WORK TO COMPLETE
Below are some records. Return exactly their lines from the one containing "Paint-ball var ein" through the one containing "Les enfants remplissent", and drop the pictures.

---- DATA EXTRACTS

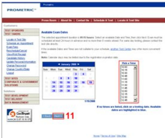
11. Selecione a data e o horário que estiver disponível no local escolhido e clique NEXT .
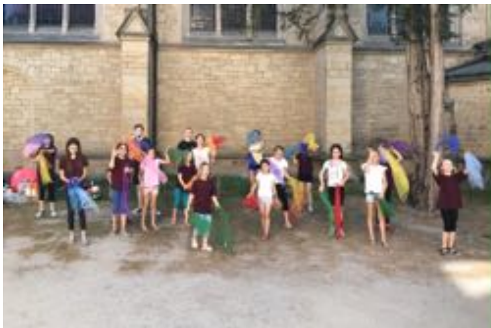
Jahresauftritt 2019.

Von Forschern, die neue Paradiesvögel entdecken, gemütlichen Pandabären und ge-
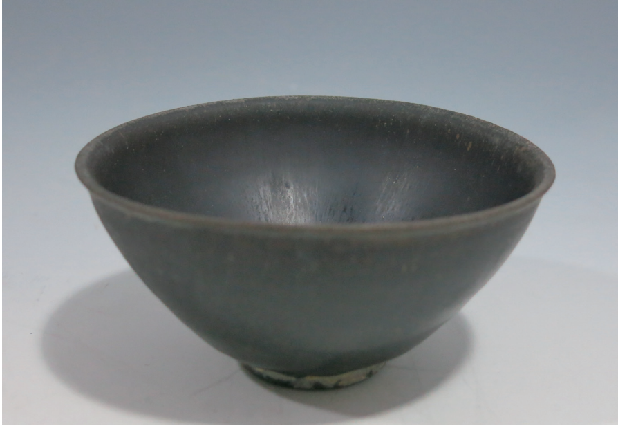
원색도판 5-1. "공어"명 흑유완, 南平市建陽區博物館
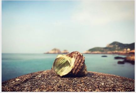
《听海》 企业管理中心 蔡梦婕
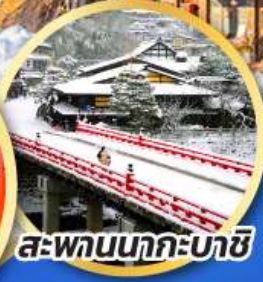
สะพานนากะบาชิ

ชมเมืองแห่งสายน้ำ บรรยากาศย้อนยุค "กุโจะจิมัง"
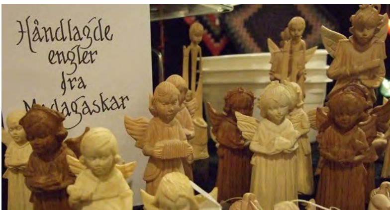
Utrolig mye fint håndarbeid var til salgs på messa. Noe kom langveis fra. Her er engler fra Madagaskar. Sikkert engler som har laget dem.
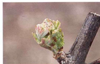
Hojas incipientes (Estado D)
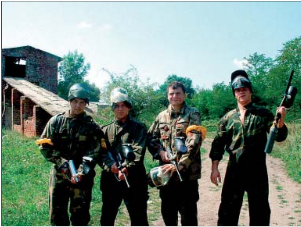
Paint-ball var ein av dei populære fritidsaktivitetane som deltakarane mora seg med i varmen.
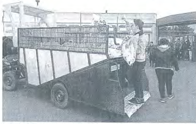
Les enfants remplissent la benne de l'hippomobile.

Chaque deuxième mercredi du mois, les élèves du collège Charles-Mozin de Trouville remettent les déchets de papiers et carton aux services du développement durable de la mairie de Trouville. L'hippomobile de la ville fait une halte et permet ainsi de récupérer les sacs jaunes et de faire découvrir les porchérons aux jeunes élèves. « Ce mois-ci, nous avons récolté 92,4 kg de déchets papiers et
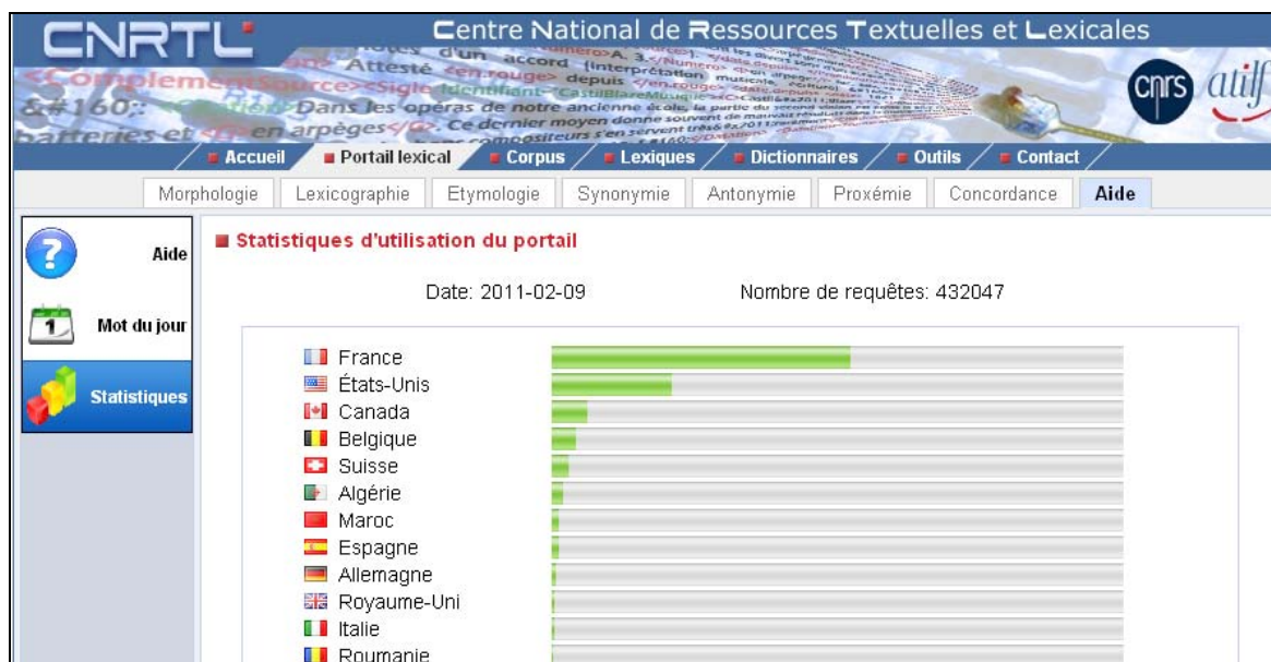
Figure 7 : Statistique d'usage du portail lexical du CNRTL

Son intégration plus récente encore dans le portail lexical du CNRTL et ses interconnexions avec d'autres types de ressources sur le vocabulaire français le positionnent au cœur d'un ensemble de ressources sur la langue française où il joue un rôle actif et prépondérant, démontrant ainsi que sa réputation élitiste est devenue largement injustifiée. Sa diffusion au sein du portail lexical du CNRTL ( www.cnrtl.fr/portail ) en fait aujourd'hui l'un des dictionnaires les plus exploités sur le Web : d'environ 350 000 requêtes par jour (cf. Figure 7).

--------

SOLVED EXERCISE
Paint-ball var ein av dei populære fritidsaktivitetane som deltakarane mora seg med i varmen.
Les enfants remplissent la benne de l'hippomobile.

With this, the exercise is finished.